Vanessa Ray Liptak (born June 24, 1981) is an American actress. She is known for her role on Pretty Little Liars as Charlotte Drake; and also for her roles as Jenny on the legal drama series Suits, Teri Ciccone on the soap opera As the World Turns, Officer Edit "Eddie" Janko-Reagan on long-running family-police drama Blue Bloods, and Maggie "Rocker" Sheldon on White Collar.

Acting career 
Ray earned her Actors' Equity Association card while performing the role of Rusty and singing "Let's Hear It For the Boy" in the musical Footloose. She played the role of Nemo in Robert and Kristin Lopez's Finding Nemo: The Musical at Orlando's Disney World. Ray played the character Olive Ostrovsky in the national tour of The 25th Annual Putnam County Spelling Bee. She joined the Broadway cast of Hair in its final year as Crissy, and sang the song "Frank Mills". She made her on-screen debut as Chris in the youth-oriented video short feature The Sparky Chronicles: The Map. (2003)

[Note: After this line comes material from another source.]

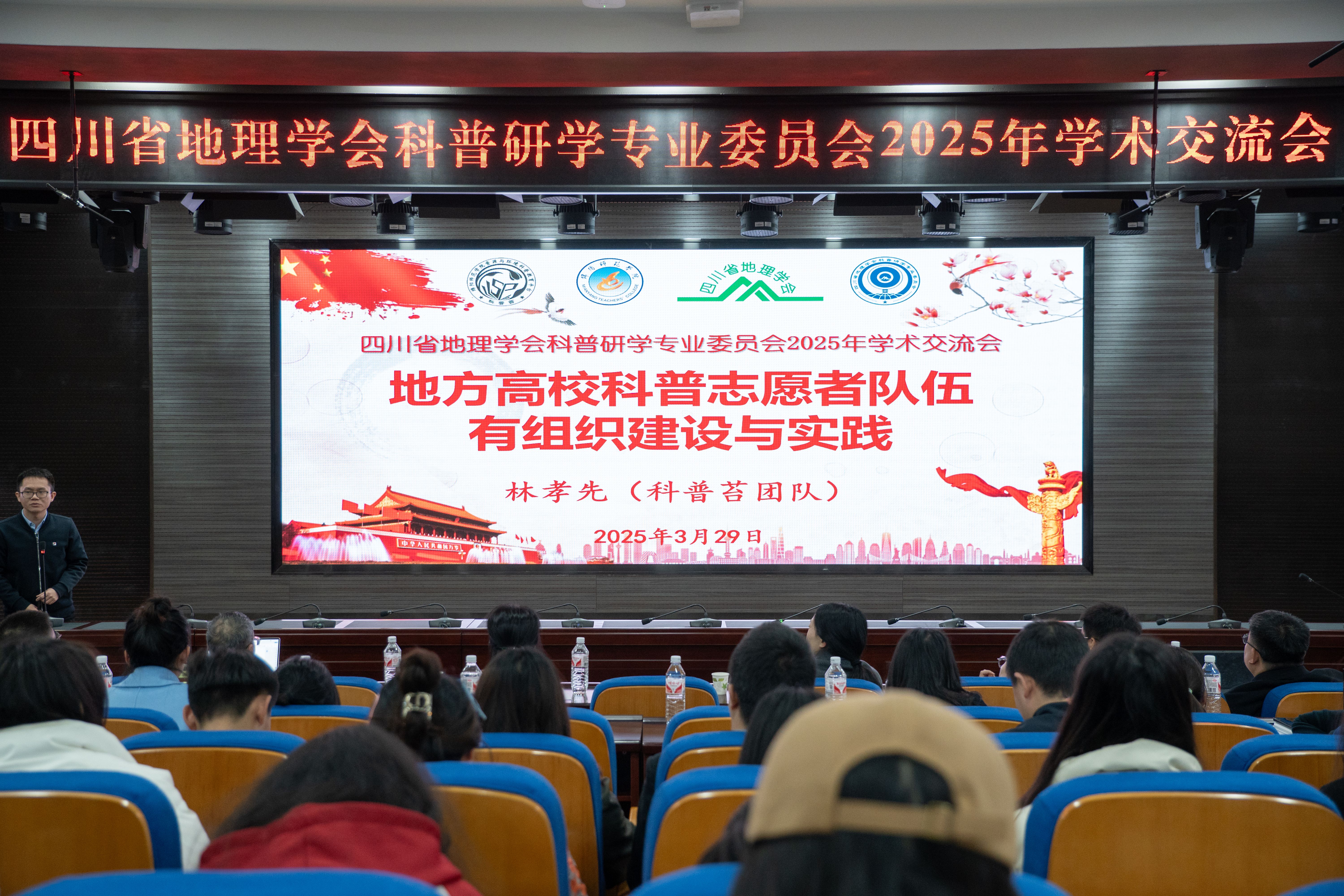 3月29日上午,开幕式在学校厚德楼246报告厅举行。beat365地理与环境学院院长陈浩教授主持,四川省地理学会副秘书长胡颖、beat365在线唯一官网科技处处长韩黎教授分别致辞,强调科普研学对地理学科创新与人才培养的重要意义。绵阳市科学技术协会副主席何勇出席会议开幕式。开幕式后,全体与会者合影留念,记录这一学术盛事。

Between 2012 and 2017, Ray appeared as CeCe Drake, a "beyond-charismatic twenty-something blonde stylist at a boutique that has one heel in the present, one in the past", in the television series Pretty Little Liars. Ray was announced to start filming again for PLL, and spoke about returning, saying, "It's so fun to do, and what a crazy character I get to play. She's sort of a sociopath. I think she's so weird because she's, like, 22 but hangs out with high-schoolers. It's like, 'Hey, girl! Get a life!'”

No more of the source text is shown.